#### AIM OF THE EXERCISE
Could you retype only the lines from the one containing "Dulce 100% mexicano" through the final line of the entries, both included, skipping any images?
BEGIN MATERIAL PROVIDED
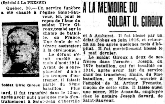 Fils de Pierre-Édouard Giroux (décédé 1902) et Delphine Richard (décédée 1905), de Québec. Il avait déclaré être né le 24 février 1889 lors de son enrôlement et il avait nommé son frère Edmond de Québec comme plus proche parent et héritier légal.
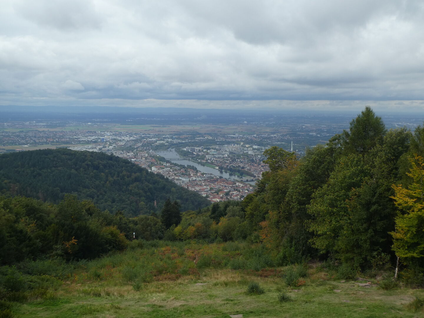 Wir genossen den Blick auf die Rheinebene, über der sich die ersten Regenwolken zusammenzogen. Unverdrossen wanderten wir auf dem Odenwald-Vogesenweg zum Aussichtsturm „Posseltslust“. Dieses Bauwerk war 1881 eingeweiht worden, nachdem der Heidelberger Stadtrat und Pharmazie-Professor Louis Posselt dessen Bau testamentarisch verfügt hatte. Um eine anwesende Hochzeitsgesellschaft nicht bei ihrem Fotoshooting zu stören, verzichteten wir auf eine Turmbesteigung und wanderten auf breiten Waldwegen zum Waldhaus weiter. Diese große Hütte bot viel Platz für eine gemütliche Pause im Trockenen. Leider begann es nach der Pause zu nieseln, Schirme wurden aufgespannt und Regenponchos angezogen. Auf dem Weg bergab schützte uns der dichte Wald vor dem Regen. Oberhalb vom Emmertsgrund wurde es allerdings zunehmend windig, kühl und der Regen stärker. Die 18 Grad fühlten sich deutlich anders an als die 32 Grad am Tag zuvor! Spontan beschloss die Gruppe in den an der Endhaltstelle Emmertsgrund wartenden Bus zu steigen. Nach fünf Stunden in netter Gesellschaft kehrten wir in guter Stimmung nach Leimen zurück.
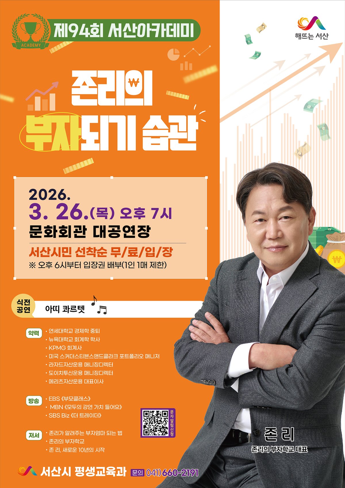 [충청중심뉴스] 충남 서산시는 ‘존리의 부자학교’존 리 대표를 초청해 제94회 서산아카데미를 개최한다고 밝혔다.
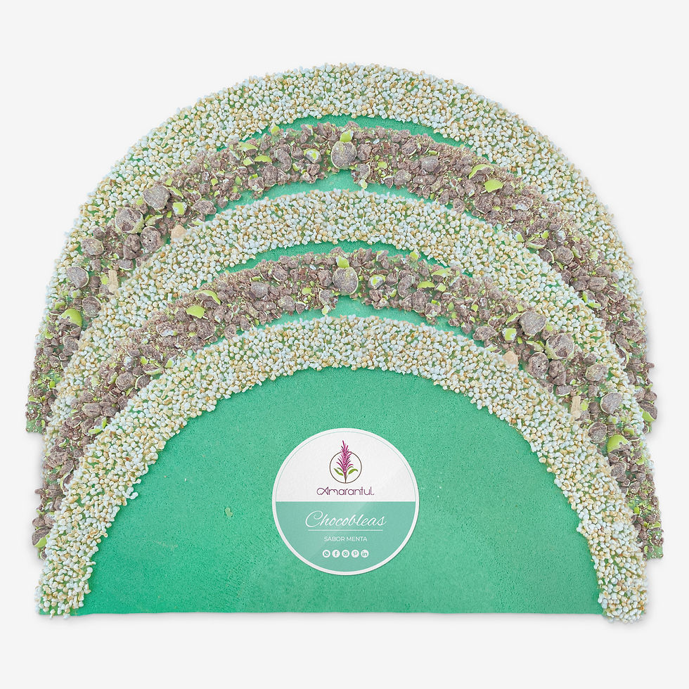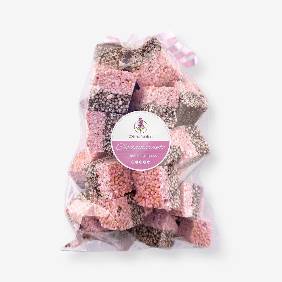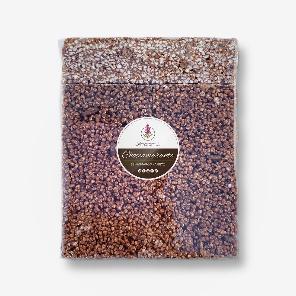 Dulce 100% mexicano elaborado con semillas de amaranto tostadas con chocolate de diferentes sabores como semi amargo, lácteo, nuez, menta y fresa, acompañado de semillas como nuez, arándano, cacahuate y arroz inflado.
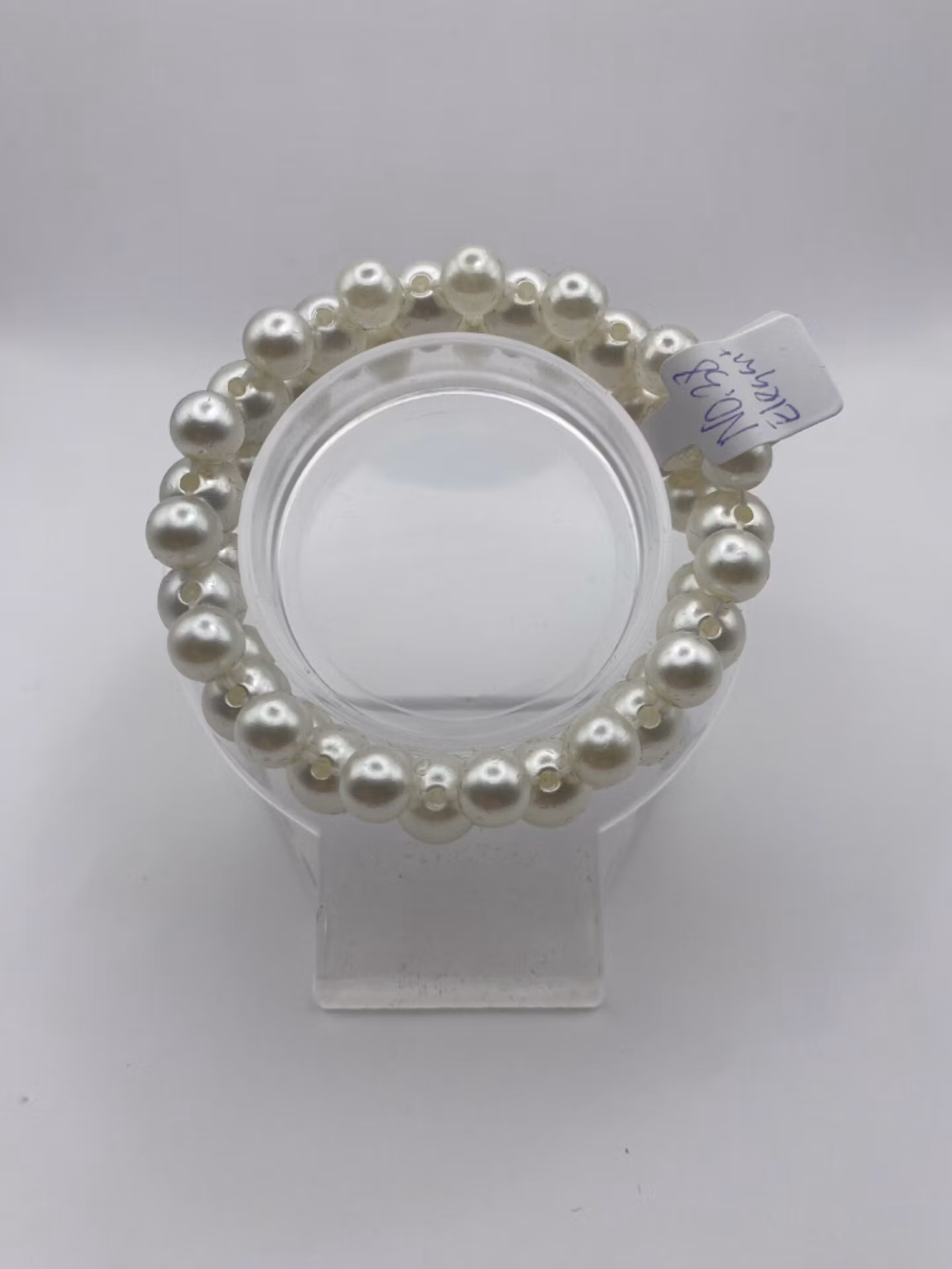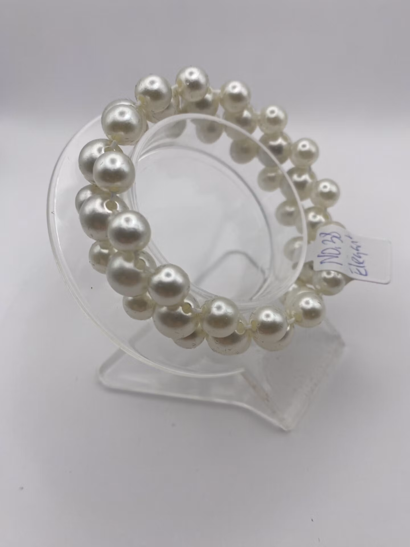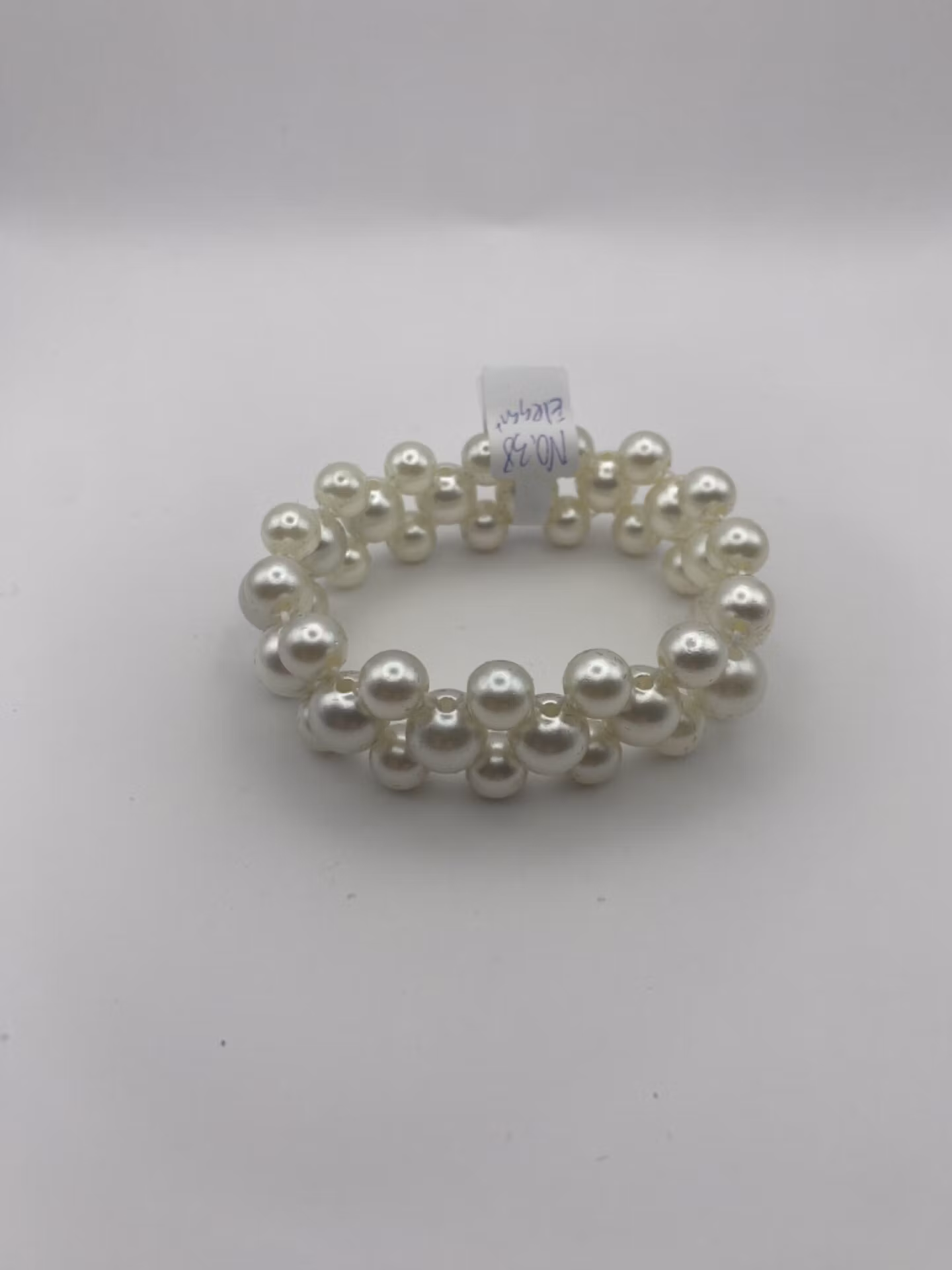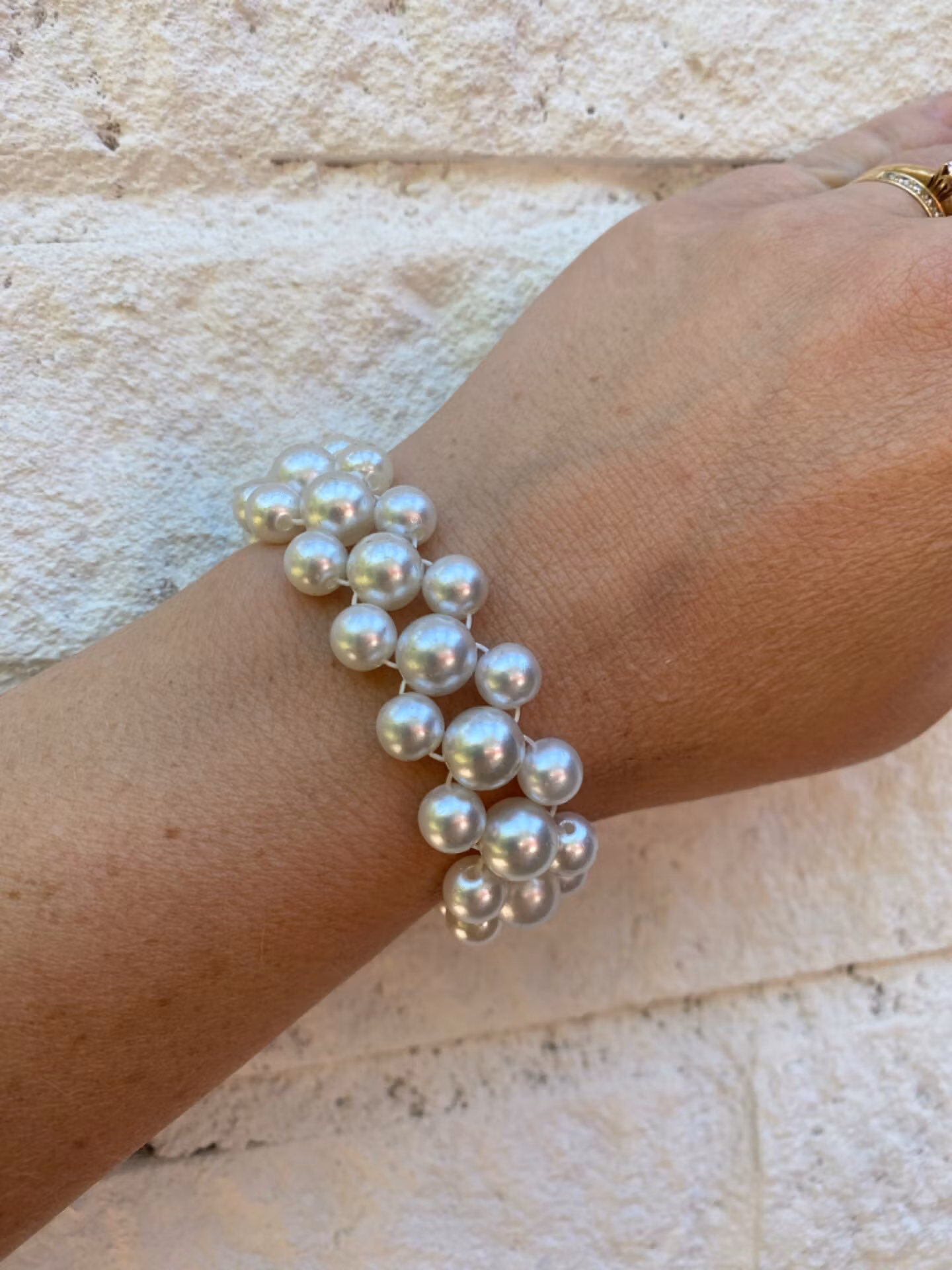 Armband med benvita pärlor, fint treradigt mönster. Perfekt till avslutning, bröllop eller bara till vardags
END MATERIAL PROVIDED
#### ANSWER TO THIS TASK
 Dulce 100% mexicano elaborado con semillas de amaranto tostadas con chocolate de diferentes sabores como semi amargo, lácteo, nuez, menta y fresa, acompañado de semillas como nuez, arándano, cacahuate y arroz inflado.
 Armband med benvita pärlor, fint treradigt mönster. Perfekt till avslutning, bröllop eller bara till vardags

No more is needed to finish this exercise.